Являясь таковой, она, естественно, становится мишенью для социального контроля. Вместо того чтобы набрасываться на еду как животные, цивилизованные мужчины и женщины должны принимать пищу деликатно, проявляя сдержанность. Другими словами, от людей ожидают, что они будут действовать так, будто не голодны.

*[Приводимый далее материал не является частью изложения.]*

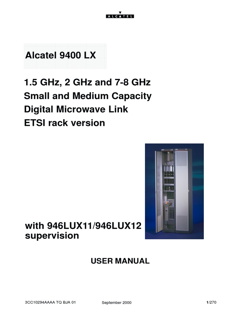 2 Description of the equipment . . . . . . . . . . . . . . . . . . . . . . . . . . . . . . . . . . . . . . . . . . . . . . . . . . . . . . . 2.1 General characteristics of the equipment . . . . . . . . . . . . . . . . . . . . . . . . . . . . . . . . . . . . . . . . . . 2.2 Operation of the equipment in 1+0 configuration . . . . . . . . . . . . . . . . . . . . . . . . . . . . . . . . . . . . 2.3 Operation of the equipment in 1+1 configurations . . . . . . . . . . . . . . . . . . . . . . . . . . . . . . . . . . . 2.3.1 1+1 HSB configuration . . . . . . . . . . . . . . . . . . . . . . . . . . . . . . . . . . . . . . . . . . . . . . . . . . 2.3.2 1+1 HSB/DIV configuration . . . . . . . . . . . . . . . . . . . . . . . . . . . . . . . . . . . . . . . . . . . . . . 2.3.3 1+1 FD configuration . . . . . . . . . . . . . . . . . . . . . . . . . . . . . . . . . . . . . . . . . . . . . . . . . . . 2.3.4 Hybrid 1+1 FD/DIV configuration . . . . . . . . . . . . . . . . . . . . . . . . . . . . . . . . . . . . . . . . . 2.3.5 1+1 configuration with occasional backup . . . . . . . . . . . . . . . . . . . . . . . . . . . . . . . . . . 2.4 Equipment operation in N+1 configurations (1<N<6) . . . . . . . . . . . . . . . . . . . . . . . . . . . . . . . . 2.5 Configurations with space diversity . . . . . . . . . . . . . . . . . . . . . . . . . . . . . . . . . . . . . . . . . . . . . . . 2.6 Engineering service channels . . . . . . . . . . . . . . . . . . . . . . . . . . . . . . . . . . . . . . . . . . . . . . . . . . . . 2.6.1 ESC number 1 . . . . . . . . . . . . . . . . . . . . . . . . . . . . . . . . . . . . . . . . . . . . . . . . . . . . . . . . . 2.6.2 Engineering service channel No 2 . . . . . . . . . . . . . . . . . . . . . . . . . . . . . . . . . . . . . . . . 2.6.3 ESC numbers 3 to 5 . . . . . . . . . . . . . . . . . . . . . . . . . . . . . . . . . . . . . . . . . . . . . . . . . . . . 2.7 Remote indications and remote controls (TS/TC) . . . . . . . . . . . . . . . . . . . . . . . . . . . . . . . . . . . 2.7.1 Basic equipment . . . . . . . . . . . . . . . . . . . . . . . . . . . . . . . . . . . . . . . . . . . . . . . . . . . . . . . 2.7.2 16 TS/TC option . . . . . . . . . . . . . . . . . . . . . . . . . . . . . . . . . . . . . . . . . . . . . . . . . . . . . . . 2.8 Loopback options . . . . . . . . . . . . . . . . . . . . . . . . . . . . . . . . . . . . . . . . . . . . . . . . . . . . . . . . . . . . . . 2.9 9400 LX network . . . . . . . . . . . . . . . . . . . . . . . . . . . . . . . . . . . . . . . . . . . . . . . . . . . . . . . . . . . . . . . 2.10 Equipment management . . . . . . . . . . . . . . . . . . . . . . . . . . . . . . . . . . . . . . . . . . . . . . . . . . . . . . . 2.11 Controls, indications and connectors on the rack control panel . . . . . . . . . . . . . . . . . . . . . . 2.12 List of boards . . . . . . . . . . . . . . . . . . . . . . . . . . . . . . . . . . . . . . . . . . . . . . . . . . . . . . . . . . . . . . . . . 2.12.1 Boards common to the various frequency bands . . . . . . . . . . . . . . . . . . . . . . . . . . . 2.12.2 Boards specific to the various frequency bands . . . . . . . . . . . . . . . . . . . . . . . . . . . . 2.13 Technical and mechanical specifications . . . . . . . . . . . . . . . . . . . . . . . . . . . . . . . . . . . . . . . . .

Немецкий социолог Норберт Элиас использовал историю развития приличных манер в своем выдающемся исследовании процесса цивилизации. В Европе веками публиковались руководства по учтивым манерам. Сравнивая правила в этих руководствах, видно, как увеличивались с годами требования к людям и возрастала потребность в самоконтроле. Рассмотрим, к примеру, следующие рекомендации, предлагавшиеся в XIII веке:
Тем, к то горчицу и соль любит, пальцы в оные не совать, ибо привычка сия грязна и непотребна. • Неподобающее дело — в скатерть сморкаться. • Не плюй на стол и поверх стола не плюй. • Непотребная манера — подавать еду даме, не снявши шлема. Правил обращения со столовыми приборами в то время не было, так как люди брали пищу главным образом руками, иногда с помощью ножей.

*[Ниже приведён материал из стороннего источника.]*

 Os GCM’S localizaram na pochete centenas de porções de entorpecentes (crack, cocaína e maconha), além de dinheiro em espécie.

В XV веке положение дел существенно не изменилось:
• Прежде чем садиться, проверь, что сиденье твое не испачкано.
• Не трогай себя под одеждою голыми руками.

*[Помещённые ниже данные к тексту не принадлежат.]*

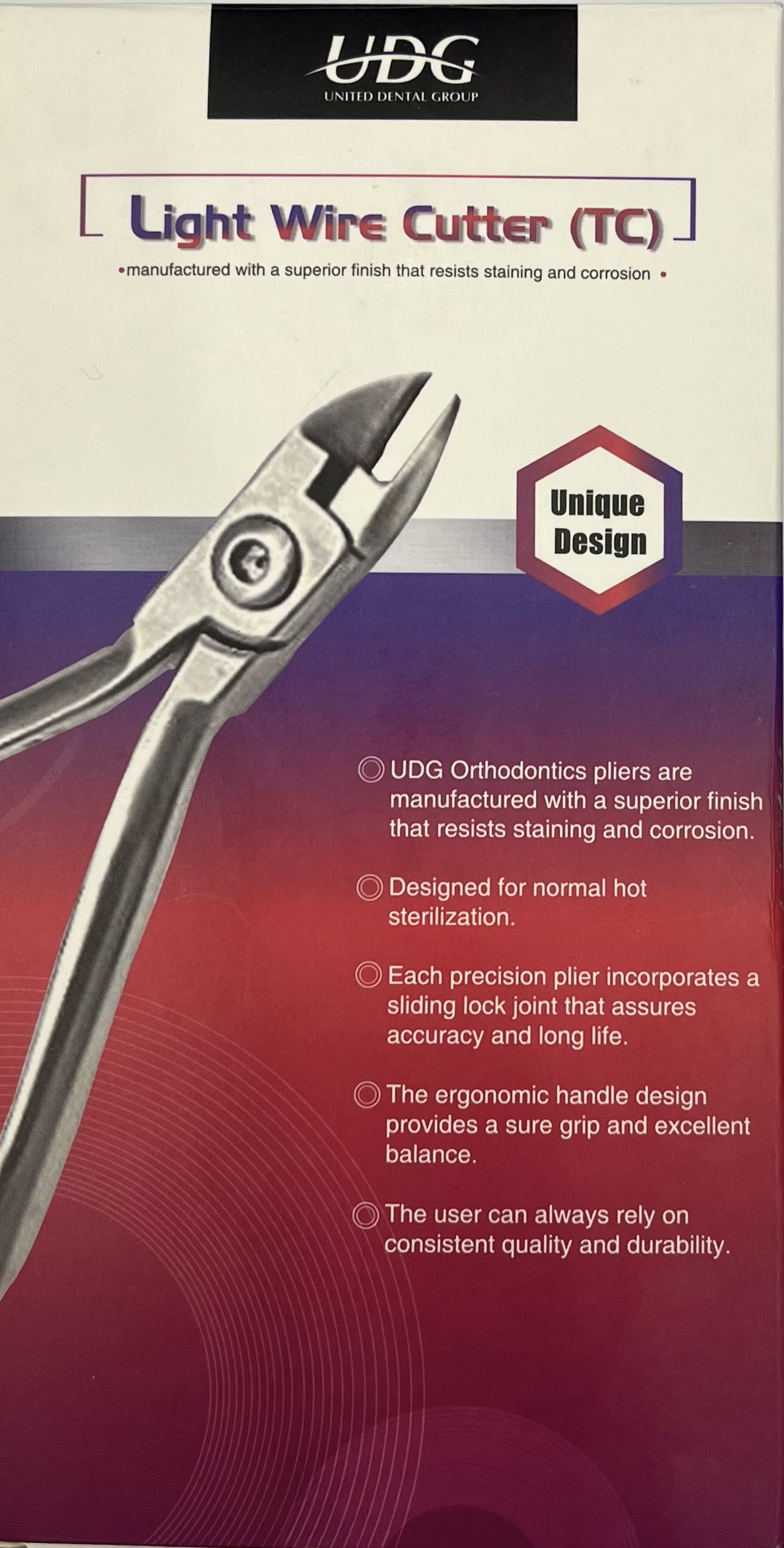 پلایر لایت وایر کاتر ساخته شده از جنس استیل ضد زنگ با مقاومت و دوام بالا و با قابلیت اتوکلاو، انتخاب خوبی برای خم کردن آرچ وایرهایی با قطر کم تا قطر 0.016 اینچ میباشد. Beak های مخروطی بلندتر این پلایر خم شدن آرچ وایرهای با قطر کوچک را آسانتر میکند. این پلایرها خواص ضد اکسیداسیون و ضد خوردگی داشته و نوک آن خم و شکسته نمیشود.

• Не предлагай никому кусок еды, от которого ты откусывал.
В целом эти поучения дают нам довольно хорошее представление о том, как в те времена происходила трапеза. Ведь если бы те или иные поступки не были достаточно распространены, не имелось бы причин, чтобы руководства интерпретировали их как недостойные. Но к началу XVII века правила меняются, поскольку уже, видимо, считается само собой разумеющимся, что люди не будут сморкаться в скатерть или садиться за стол в доспехах. Некоторые вещи, например, пускание слюней, служили примером того, как иногда поступают дети, но чего не должны допускать взрослые.
Аналогичную эволюцию претерпели правила, касающиеся естественных отправлений. Например, в XVI веке людей приходилось специально инструктировать, чтобы они пользовались уборными: «Не позволяйте никому, кто бы он ни был, до или после трапез, рано или поздно, пачкать лестницы, коридоры и чуланы мочою и другой грязью, но велите посещать подобающие места, специально предназначенные для того, чтобы облегчаться». Вероятно, это правило соблюдалось не всегда, так как одно руководство XVIII века содержало вот такую инструкцию: «Когда проходишь мимо человека, который облегчается, надобно вести себя так, словно его не замечаешь. Также невежливо приветствовать его».
Социальные нормы, касающиеся образования кишечных газов, могут служить метафорой подавления, налагаемого обществом на индивида. В XV веке, когда впервые был поднят этот вопрос, основную озабоченность вызывал шумный звук: «Ежели можно выпустить ветер без шума, то это лучше всего. Но лучше выпустить его с шумом, нежели в себе удерживать… Если есть возможность, выпускать ветер следует в одиночестве. Но если возможности нет, то в соответствии со старинной поговоркой пусть кашель скроет звук». В XVIII веке люди больше не могли согласиться с тем, что лучше выпустить газы, чем сдерживаться: «Очень невежливо испускать ветры из тела, находясь в компании, — изо рта ли, или из нижней части, даже если это делается бесшумно; и совсем уж постыдно и неприлично делать это так, что другие люди это слышат».